My eyes snap open. Someone is screaming. I lift my head off the kitchen table and look around. A pile of dirty clothes needing to be washed lie over the back of the chair opposite me. In front of me, is a cutting board with a half-cut carrot on it. I fell asleep. My hand is gripping a knife and nobody else is about. Apart from the person screaming.

Putting the knife down on the table, I dash out of the kitchen. I run down the hallway and burst into a bedroom. My twin sister, Emmii, is sat up in her bed, screaming. I move over to her and sit down in front of her. I put my arms around her and hold her tightly against my chest. She buries her face in my shirt.
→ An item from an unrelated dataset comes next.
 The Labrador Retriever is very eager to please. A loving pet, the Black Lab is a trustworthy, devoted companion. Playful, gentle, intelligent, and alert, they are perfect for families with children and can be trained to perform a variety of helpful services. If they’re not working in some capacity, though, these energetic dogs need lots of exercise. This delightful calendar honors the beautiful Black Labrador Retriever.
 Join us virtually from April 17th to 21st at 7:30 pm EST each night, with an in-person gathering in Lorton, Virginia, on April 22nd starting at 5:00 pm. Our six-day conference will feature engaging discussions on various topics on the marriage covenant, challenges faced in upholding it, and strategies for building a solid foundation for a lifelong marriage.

"Shhh, it's alright," I soothe stroking her hair. "You're alright. Nobody is going to get you."

"I was...in the...Labyrinth, again," Emmii stammers, sobbing. "There was...a...a monster...and it was...going to....eat me." I hold her tight, feeling her body quivering against my chest.
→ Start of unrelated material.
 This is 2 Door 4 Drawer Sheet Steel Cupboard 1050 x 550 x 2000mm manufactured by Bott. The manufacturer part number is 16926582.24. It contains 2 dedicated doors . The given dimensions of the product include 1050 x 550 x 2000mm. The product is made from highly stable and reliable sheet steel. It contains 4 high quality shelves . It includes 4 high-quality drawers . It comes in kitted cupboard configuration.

"There's no monster," I whisper to her. "You're safe."

Emmii looks at me, her bright blue eyes sparkling. "S...sing, Eila."

I smile at her. "I can't sing. You know I can't."

"Please," Emmii whispers. "F...for me."

I sigh, reluctantly giving in. "Alright, then. For you." Emmii grins.

If you go, down to, the Prairie,

You're sure, to meet, a fairy

She'll invite you for tea

With cakes and coffee

And then you'll sail, away, in a wherry

You'll sail from here

But you'll reappear

When the world becomes too scary.

Emmii usually makes a comment about how the world isn't scary. I don't blame her; she hasn't been outside properly in ages. Unfortunately for me, I know just how scary the world is. It's a petrifying place to live in. Danger lurks wherever you travel and no matter where I am, I never feel safe. Not even here, locked inside my own home, I don't feel protected at all.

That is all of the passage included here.